ABOUT THIS TASK: Use the entries below and reproduce exactly the lines from the one containing "Résistance (kΩ/cm2) |" down to the one containing "Ślimaki, drewniana układanka, gatunki", both of them included.

STORED DATA:
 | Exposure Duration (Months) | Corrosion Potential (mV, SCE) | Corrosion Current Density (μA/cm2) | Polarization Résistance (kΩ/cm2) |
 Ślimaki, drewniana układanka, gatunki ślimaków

* * *

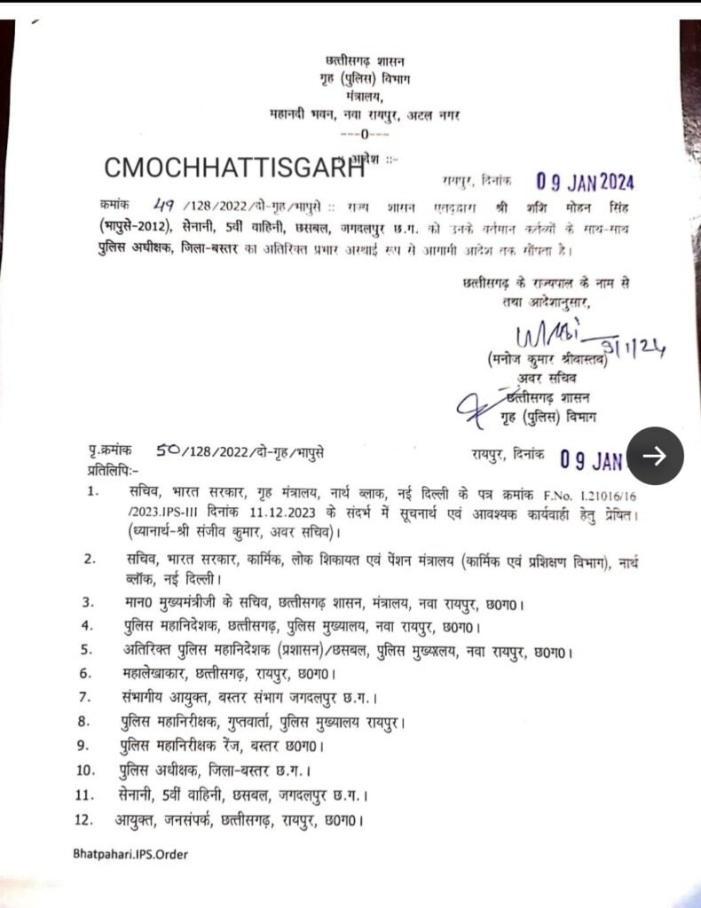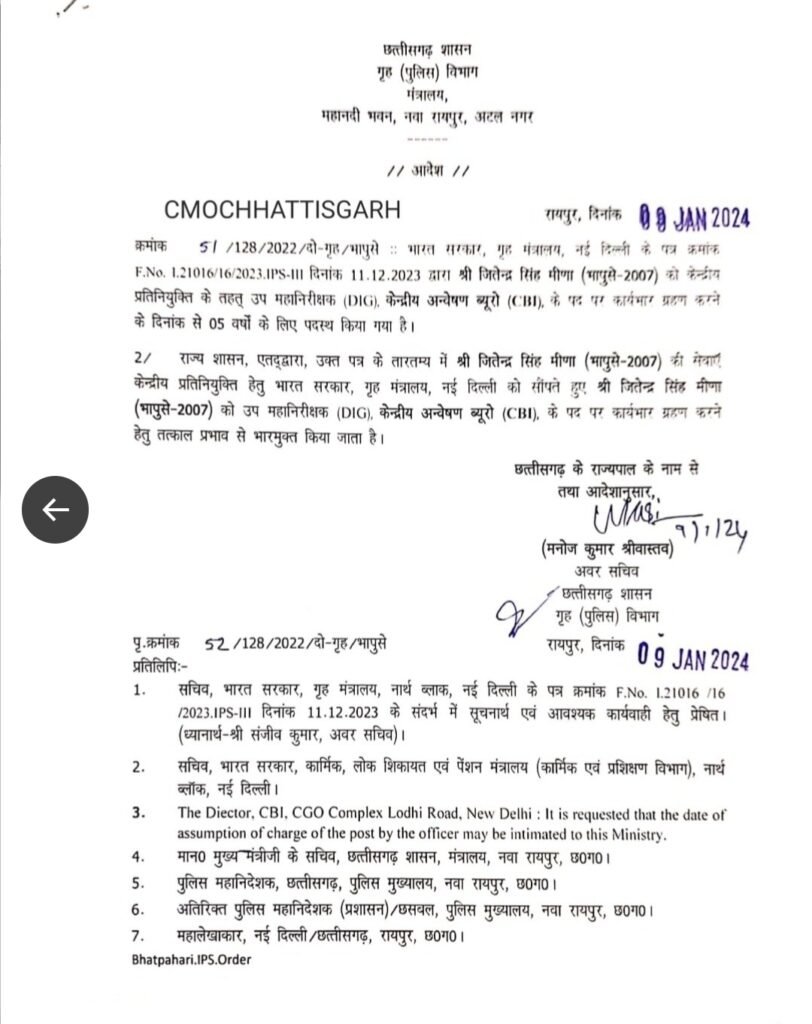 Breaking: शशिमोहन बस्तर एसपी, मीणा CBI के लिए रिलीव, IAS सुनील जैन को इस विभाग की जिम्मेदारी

RESPONSE AREA:
 | Exposure Duration (Months) | Corrosion Potential (mV, SCE) | Corrosion Current Density (μA/cm2) | Polarization Résistance (kΩ/cm2) |
 Ślimaki, drewniana układanka, gatunki ślimaków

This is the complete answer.